Now, let’s unveil the latest and most entertaining capability of Serpent: imports. A common scenario in the realm of contracts is the necessity to enable a contract to spawn new contracts. The dilemma arises on how to embed the code for the spawned contracts within the spawner contracts? Previously, the only method involved the cumbersome strategy of compiling the newer contracts first and then placing the compiled code into an array. Now, a more efficient solution exists: import.
Insert the following code into returnten.se:
x = create(tx.gas – 100, 0, import(mul2.se))
return(msg(x,0,tx.gas-100,[5],1))
Next, insert this code into mul2.se:
return(msg.data[0]*2)
Now, when you compile returnten.se using serpent and execute the contract, you will find that, ahem, it efficiently returns ten. The rationale for this is clear. The returnten.se contract generates an instance of the mul2.se contract and invokes it using the value 5. As the name implies, mul2.se is a doubling contract, hence it returns 5*2 = 10. Keep in mind that import is not a standard function per se; x = import(‘123.se’) will result in a failure, and import only operates within the very specific context of create.

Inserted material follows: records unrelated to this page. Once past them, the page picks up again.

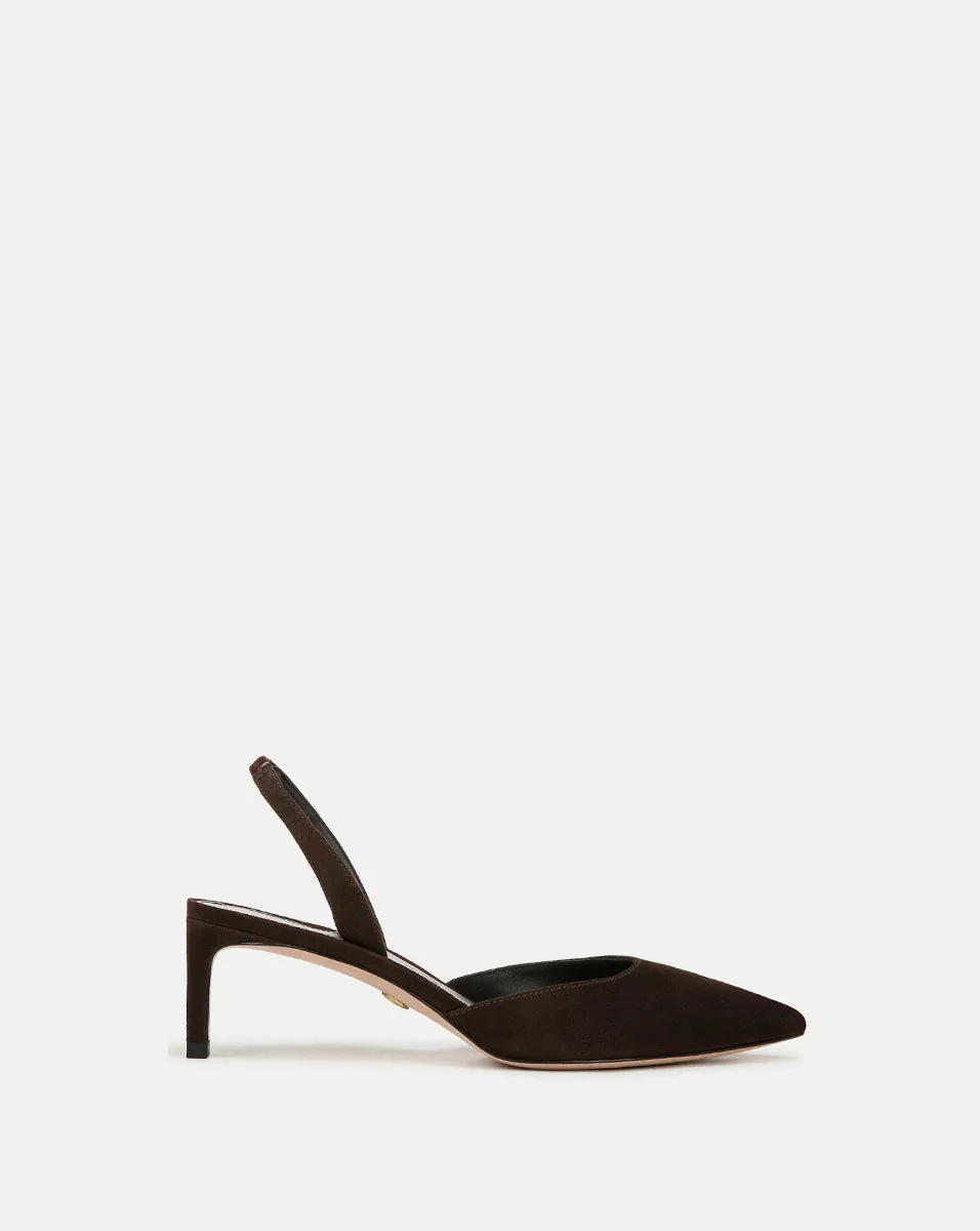 Product details A classic slingback pump. Expertly crafted from soft suede, this timeless style features a mid-heel, a pointy toe and an elasticized strap for comfort. These dark brown slingback kitten heels are great for both work and nights out. - Suede - 2" heel - Store in a cool dry place inside dust bag - Clean under the supervision of a specialist - Style #J2532L2201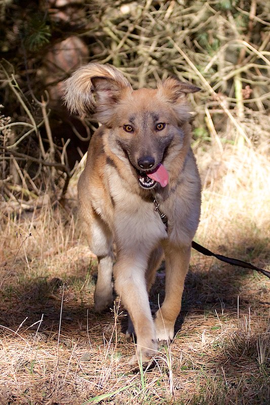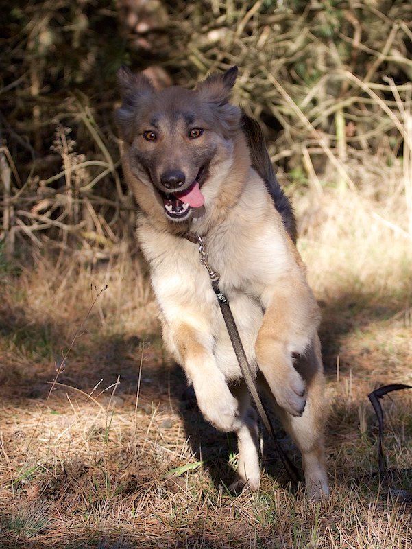 Sie braucht eine ebenerdige Wohnung, denn sie muss in ihrer Jugend eine unbehandelte Verletzung gehabt haben, bei der ein Vorderbeinchen etwas schief zusammengewachsen ist. Vielleicht wurde sie auch falsch behandelt. Sie läuft gut und es fällt dabei nicht weiter auf. Aber in einem Ellenbogen hat sich dadurch Arthrose entwickelt und sie nimmt mitunter eine Schonhaltung ein. Nach dem Toben ruht sie deshalb wieder ganz gern.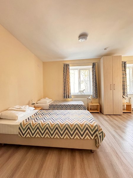 - первая спальня: две двуспальные кровати, одно односпальное кресло-кровать, комод для хранения вещей;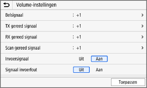 U kunt het volume aanpassen van het geluid voor een inkomende fax en de geluiden die u informeren dat er faxen zijn verzonden en ontvangen, en wanneer originelen zijn gescand.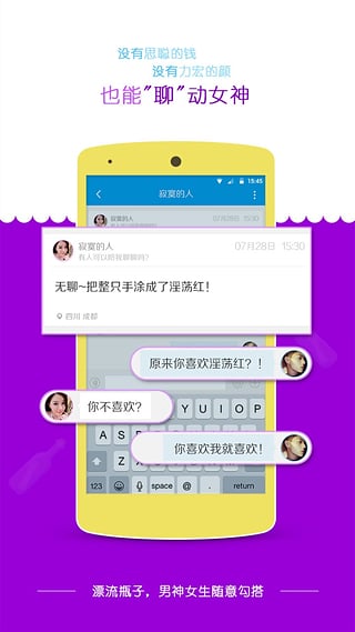 漂流瓶子,真正自由的陌生人交友應(yīng)用。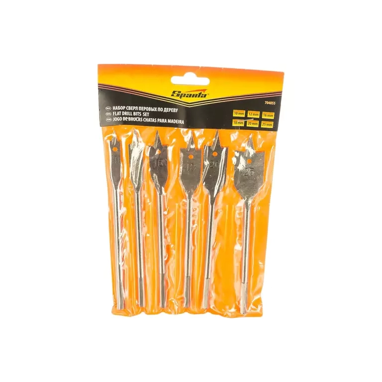Набор сверл перовых по дереву 6 шт (10-12-16-18-20-25 мм ) 6-гран. хвост. Sparta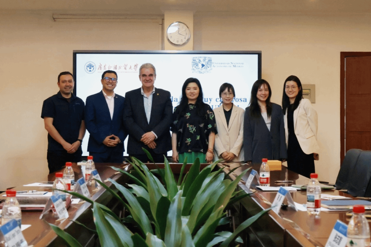 本网讯 4 月 14 日,墨西哥国立自治大学驻华代表处主任阿达尔贝托・诺约拉、传播与推广事务专员劳尔・洛佩斯・帕拉一行来访我校。墨西哥驻广州总领事馆领事米格尔・乌里韦、总领事助理邓思婧陪同到访。我校国际交流合作部副部长(主持工作)陆露在白云山校区与来宾座谈交流,国际交流合作部及西方语言文化学院相关人员参加会议。
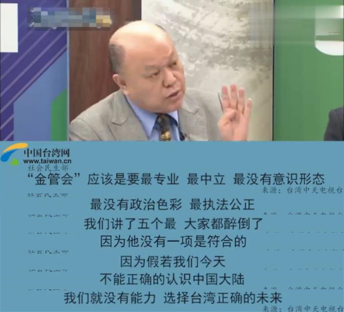 台湾政治评论员李胜峰说道,“金管会”应该是最专业、最中立、最没有意识形态、最没有政治色彩、最执法公正的了,讲了五个最大家都醉倒了,因为他没有一项是符合的。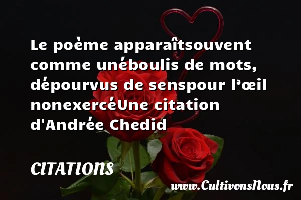 Evaluer cet article Le poème apparaît souvent comme un éboulis de mots, dépourvus de sens pour l’œil non exercé Une citation d’Andrée Chedid A lire Il n'y a pas de problèmes; il n'y a PARTAGER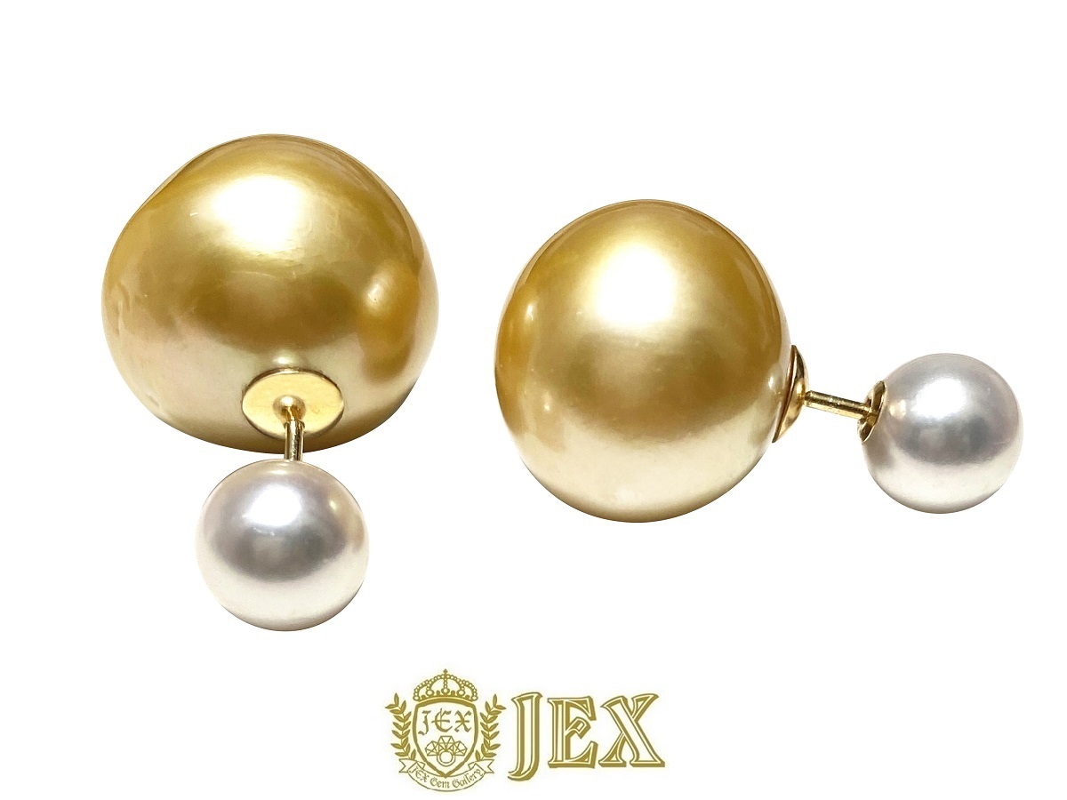 - South Sea Pearl K18白蝶パール ゴールド系 アコヤパールピアス NO.128589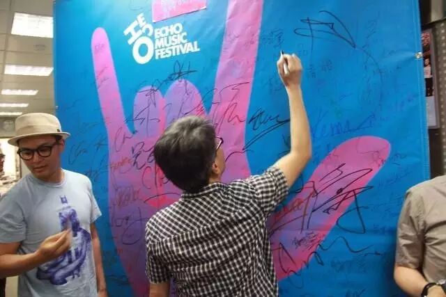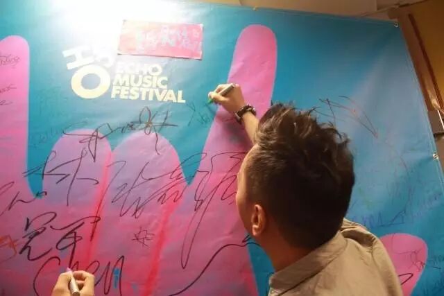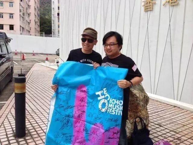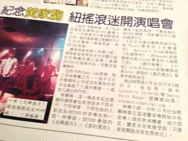 两位音乐巨人Beyond 成员黄家强和填词人刘卓辉在海报上签名。家强好像挺喜欢我们的海報 xD前BEYOND樂隊成員黃家強親自為我们打氣。這是家強給紐約Beyond/家駒致敬音樂會的話:“我聽說Echo Music Festival為家駒做了一個致敬音樂會,我很感謝你們為家駒了這麼多的事。知道你們能夠為了理想堅持做自己想做的音樂,讓我覺得很開心。去到美國、紐約這麼遠,家駒的聲音仍然可以由你們延續下去,作為家駒的弟弟,我很感動。最後,希望你們要加油、努力,即使在香港這麼遠我也一定會支持你們。”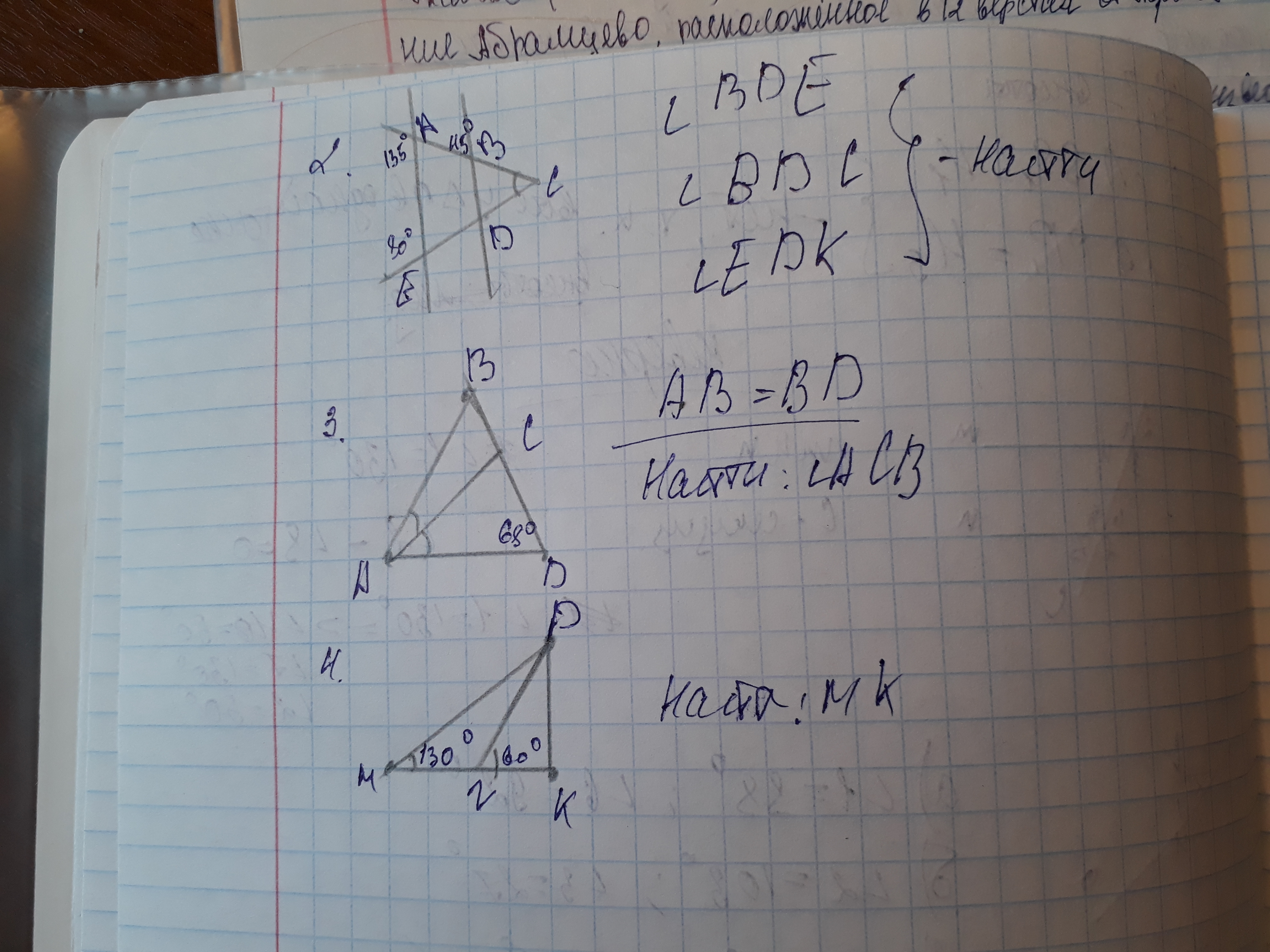 1. Если AB=BD, то треугольник ABD равнобедренный, следовательно угол BAD=углу BDA=68 градусов

Now, let’s say you are developing a colossal 1000-line contract and wish to partition it into files. To accomplish this, we utilize inset. In outer.se, insert:
if msg.data[0] == 1:
inset(inner.se)
And in inner.se, input:
return(3)
When you execute serpent compile outer.se, you receive a neat piece of compiled code that returns 3 when the msg.data[0] argument is equal to one. And that’s the entire process.
Future enhancements to Serpent will encompass:
- A refinement of this mechanism to prevent double-loading the inner code if you attempt to use import multiple times with the same filename
- String constants
- Improvements in space and code efficiency for array literals
- A debugging decorator (i.e., a compiling function which indicates which lines of Serpent correspond to which bytes of compiled code)
In the immediate future, however, my efforts will concentrate on bug fixes, a cross-client testing suite, and ongoing work on ethereumjs-lib.